YOUR OBJECTIVE:
Type the listing below out again exactly. No images.

[RECORDED DATA — start]

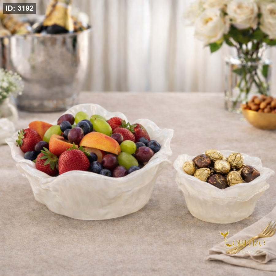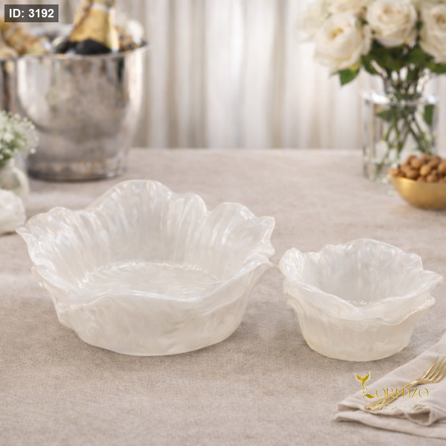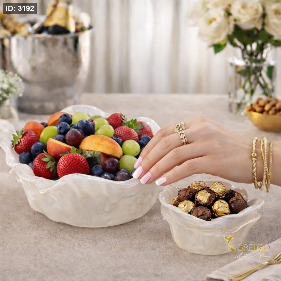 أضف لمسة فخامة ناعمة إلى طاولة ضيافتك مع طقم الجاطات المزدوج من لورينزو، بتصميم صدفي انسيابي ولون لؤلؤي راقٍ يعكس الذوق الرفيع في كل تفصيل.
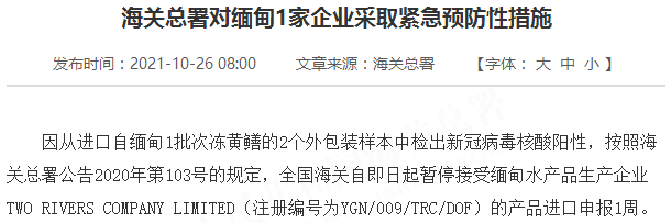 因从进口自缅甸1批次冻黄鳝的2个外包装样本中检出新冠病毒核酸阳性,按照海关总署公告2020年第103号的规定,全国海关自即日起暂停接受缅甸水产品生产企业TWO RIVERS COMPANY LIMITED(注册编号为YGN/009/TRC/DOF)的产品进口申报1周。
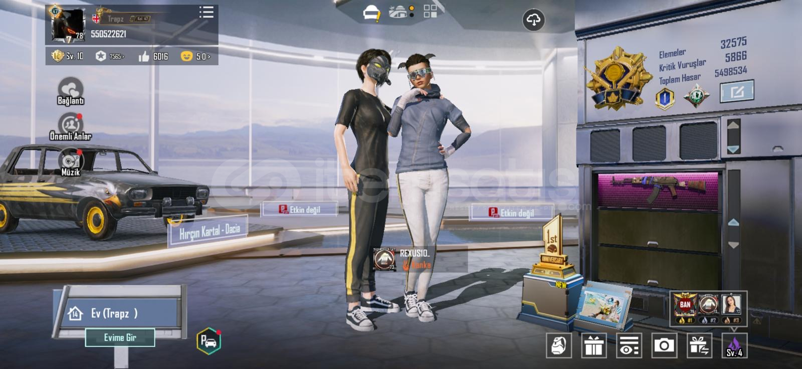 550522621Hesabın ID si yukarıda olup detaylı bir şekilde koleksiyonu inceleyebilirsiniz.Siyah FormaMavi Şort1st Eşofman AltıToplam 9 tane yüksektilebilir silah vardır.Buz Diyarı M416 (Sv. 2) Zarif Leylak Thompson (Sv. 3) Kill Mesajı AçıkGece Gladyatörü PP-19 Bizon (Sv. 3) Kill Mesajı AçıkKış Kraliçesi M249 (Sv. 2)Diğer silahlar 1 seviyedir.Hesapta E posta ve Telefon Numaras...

[RECORDED DATA — finish]

TASK RESPONSE:
 أضف لمسة فخامة ناعمة إلى طاولة ضيافتك مع طقم الجاطات المزدوج من لورينزو، بتصميم صدفي انسيابي ولون لؤلؤي راقٍ يعكس الذوق الرفيع في كل تفصيل.
 因从进口自缅甸1批次冻黄鳝的2个外包装样本中检出新冠病毒核酸阳性,按照海关总署公告2020年第103号的规定,全国海关自即日起暂停接受缅甸水产品生产企业TWO RIVERS COMPANY LIMITED(注册编号为YGN/009/TRC/DOF)的产品进口申报1周。
 550522621Hesabın ID si yukarıda olup detaylı bir şekilde koleksiyonu inceleyebilirsiniz.Siyah FormaMavi Şort1st Eşofman AltıToplam 9 tane yüksektilebilir silah vardır.Buz Diyarı M416 (Sv. 2) Zarif Leylak Thompson (Sv. 3) Kill Mesajı AçıkGece Gladyatörü PP-19 Bizon (Sv. 3) Kill Mesajı AçıkKış Kraliçesi M249 (Sv. 2)Diğer silahlar 1 seviyedir.Hesapta E posta ve Telefon Numaras...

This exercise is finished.